* **INFORMATION**
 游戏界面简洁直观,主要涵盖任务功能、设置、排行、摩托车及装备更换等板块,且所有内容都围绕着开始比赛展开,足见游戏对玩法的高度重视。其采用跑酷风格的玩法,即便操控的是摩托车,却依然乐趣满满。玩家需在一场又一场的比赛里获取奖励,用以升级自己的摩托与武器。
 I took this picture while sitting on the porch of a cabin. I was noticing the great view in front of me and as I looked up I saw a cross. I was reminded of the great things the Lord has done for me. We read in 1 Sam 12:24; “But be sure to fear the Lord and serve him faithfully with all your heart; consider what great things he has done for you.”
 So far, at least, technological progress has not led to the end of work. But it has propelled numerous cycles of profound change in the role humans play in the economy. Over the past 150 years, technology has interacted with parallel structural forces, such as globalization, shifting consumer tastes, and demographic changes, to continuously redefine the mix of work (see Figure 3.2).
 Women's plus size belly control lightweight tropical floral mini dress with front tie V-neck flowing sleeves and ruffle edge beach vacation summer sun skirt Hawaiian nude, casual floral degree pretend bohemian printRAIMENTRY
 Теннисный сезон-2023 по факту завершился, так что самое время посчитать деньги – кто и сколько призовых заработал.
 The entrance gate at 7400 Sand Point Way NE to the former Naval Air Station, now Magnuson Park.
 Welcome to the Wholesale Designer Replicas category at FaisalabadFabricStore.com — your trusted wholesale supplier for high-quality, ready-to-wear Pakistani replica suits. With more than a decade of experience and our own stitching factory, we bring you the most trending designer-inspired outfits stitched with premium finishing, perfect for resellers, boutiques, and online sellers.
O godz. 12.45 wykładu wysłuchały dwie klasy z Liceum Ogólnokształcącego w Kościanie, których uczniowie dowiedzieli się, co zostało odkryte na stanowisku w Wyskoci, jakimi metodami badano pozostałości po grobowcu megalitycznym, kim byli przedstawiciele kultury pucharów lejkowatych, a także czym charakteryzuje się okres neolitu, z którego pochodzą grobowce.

* **AIM OF THE EXERCISE**
Reproduce verbatim only this range: the first line of the material through the line that contains "Welcome to the", inclusive.

* **OUTPUT OF THE TASK**
 游戏界面简洁直观,主要涵盖任务功能、设置、排行、摩托车及装备更换等板块,且所有内容都围绕着开始比赛展开,足见游戏对玩法的高度重视。其采用跑酷风格的玩法,即便操控的是摩托车,却依然乐趣满满。玩家需在一场又一场的比赛里获取奖励,用以升级自己的摩托与武器。
 I took this picture while sitting on the porch of a cabin. I was noticing the great view in front of me and as I looked up I saw a cross. I was reminded of the great things the Lord has done for me. We read in 1 Sam 12:24; “But be sure to fear the Lord and serve him faithfully with all your heart; consider what great things he has done for you.”
 So far, at least, technological progress has not led to the end of work. But it has propelled numerous cycles of profound change in the role humans play in the economy. Over the past 150 years, technology has interacted with parallel structural forces, such as globalization, shifting consumer tastes, and demographic changes, to continuously redefine the mix of work (see Figure 3.2).
 Women's plus size belly control lightweight tropical floral mini dress with front tie V-neck flowing sleeves and ruffle edge beach vacation summer sun skirt Hawaiian nude, casual floral degree pretend bohemian printRAIMENTRY
 Теннисный сезон-2023 по факту завершился, так что самое время посчитать деньги – кто и сколько призовых заработал.
 The entrance gate at 7400 Sand Point Way NE to the former Naval Air Station, now Magnuson Park.
 Welcome to the Wholesale Designer Replicas category at FaisalabadFabricStore.com — your trusted wholesale supplier for high-quality, ready-to-wear Pakistani replica suits. With more than a decade of experience and our own stitching factory, we bring you the most trending designer-inspired outfits stitched with premium finishing, perfect for resellers, boutiques, and online sellers.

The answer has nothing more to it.